§ **The data**:
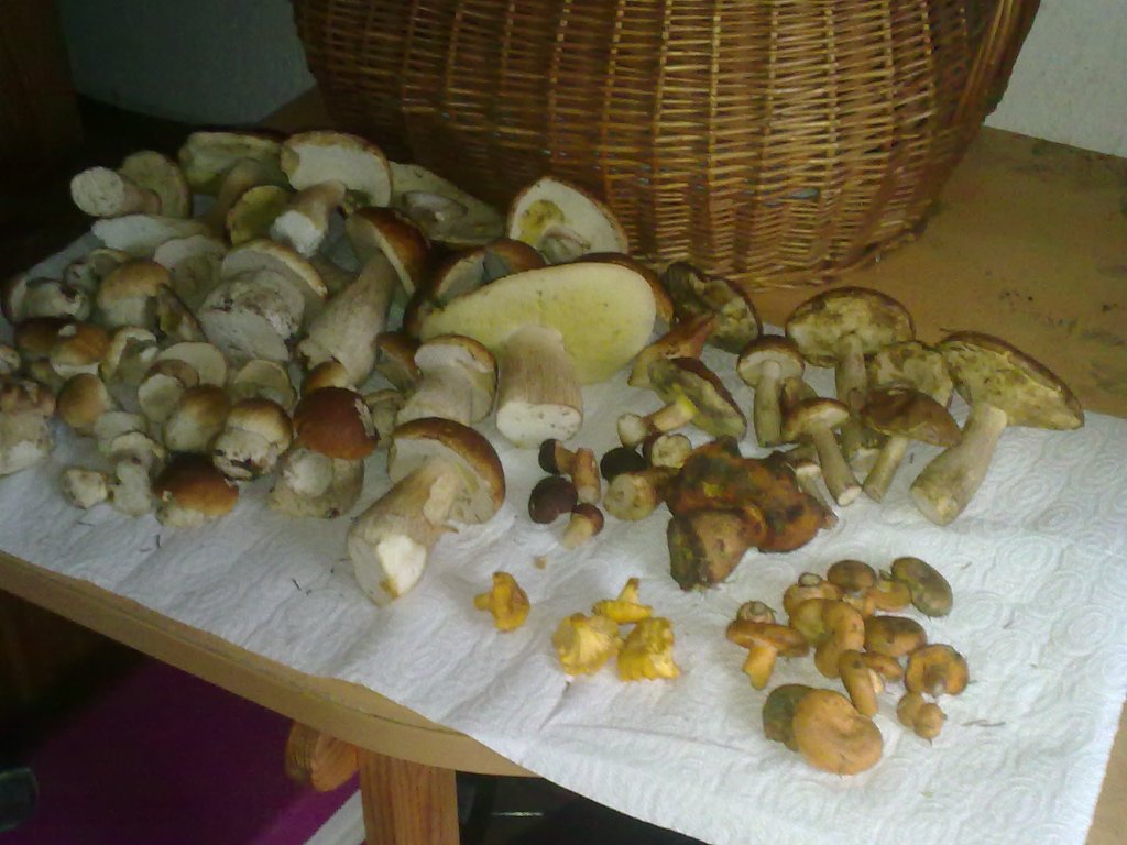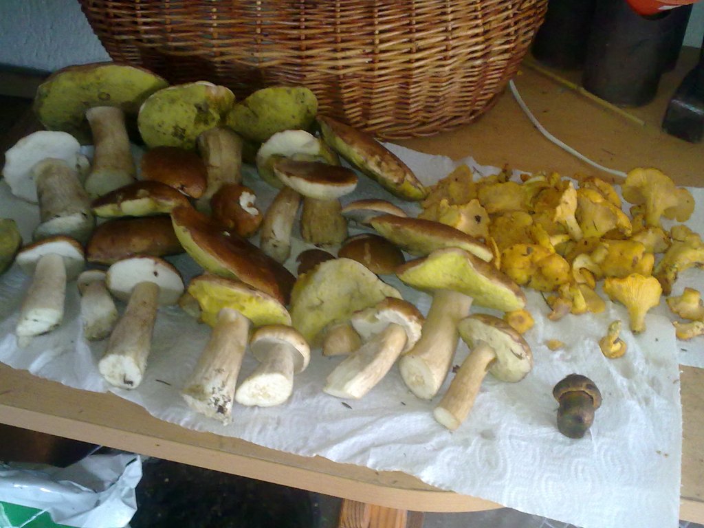 Steinpilze, Pfifferlinge, Maronen, Fichtenreizker (voll Maden) und
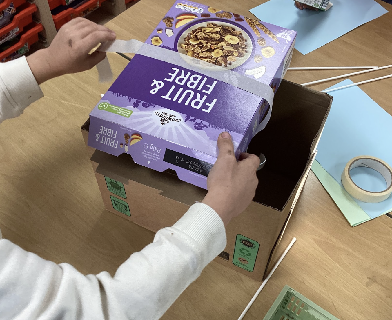 In our DT lesson this week, we were using recyclable materials to make our own mini pet shelters. We had to use our cutting, joining and sticking skills to put different materials and objects together. We worked very hard and were very pleased with our results!
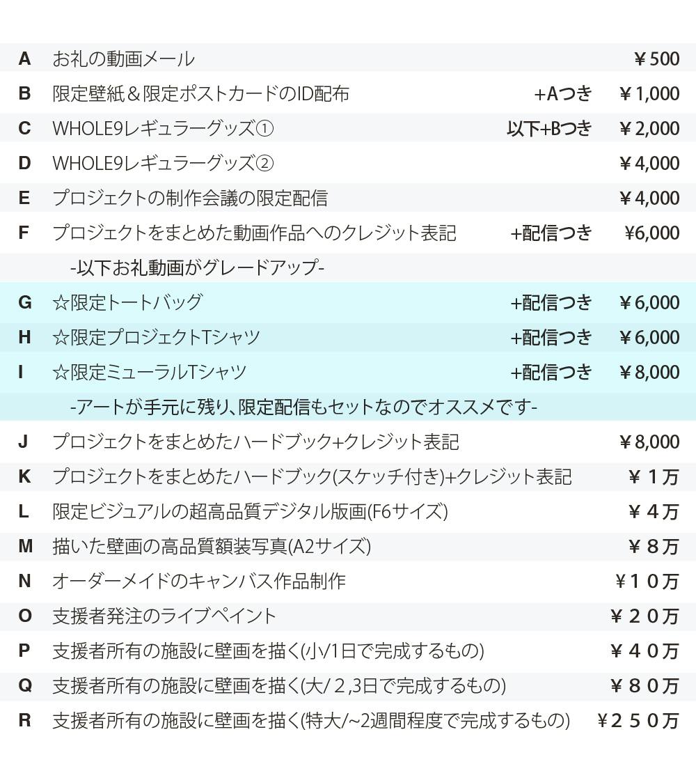 この機会にしか手に入らない特別なオリジナルグッズや作品の数々、制作に関する情報のクローズドでの配信、ライブペインティング/壁画制作など、様々なものをご用意しました!日本をポジティブにするプロジェクトにお力をお貸しください!
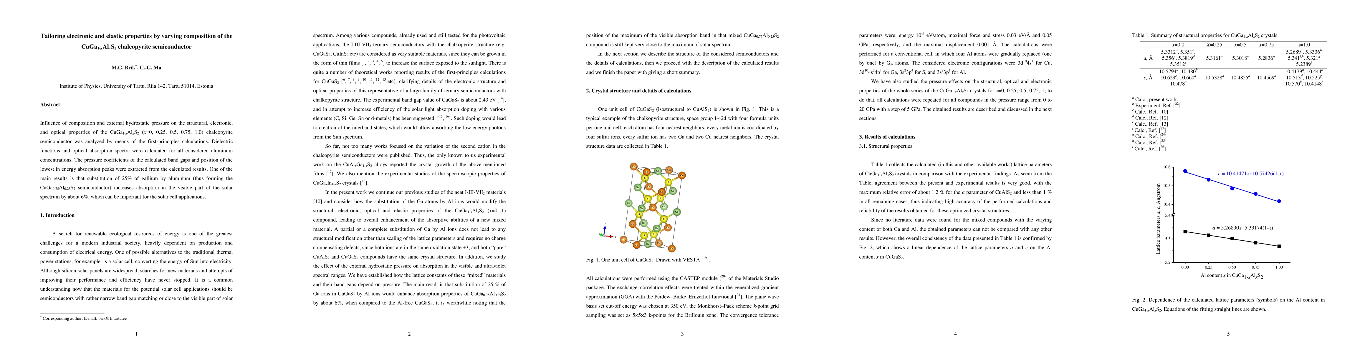 This paper investigates the impact of aluminum substitution for gallium in CuGa1-xAlxS2 chalcopyrite semiconductors on their electronic and optical properties using first-principles calculations. The study finds that substituting 25% of gallium with aluminum enhances visible light absorption by 6%, potentially improving solar cell efficiency.

§ **What to produce**: First drop every picture, then print the data above exactly as it stands.

§ **Solution**:
 Steinpilze, Pfifferlinge, Maronen, Fichtenreizker (voll Maden) und
 In our DT lesson this week, we were using recyclable materials to make our own mini pet shelters. We had to use our cutting, joining and sticking skills to put different materials and objects together. We worked very hard and were very pleased with our results!
 この機会にしか手に入らない特別なオリジナルグッズや作品の数々、制作に関する情報のクローズドでの配信、ライブペインティング/壁画制作など、様々なものをご用意しました!日本をポジティブにするプロジェクトにお力をお貸しください!
 This paper investigates the impact of aluminum substitution for gallium in CuGa1-xAlxS2 chalcopyrite semiconductors on their electronic and optical properties using first-principles calculations. The study finds that substituting 25% of gallium with aluminum enhances visible light absorption by 6%, potentially improving solar cell efficiency.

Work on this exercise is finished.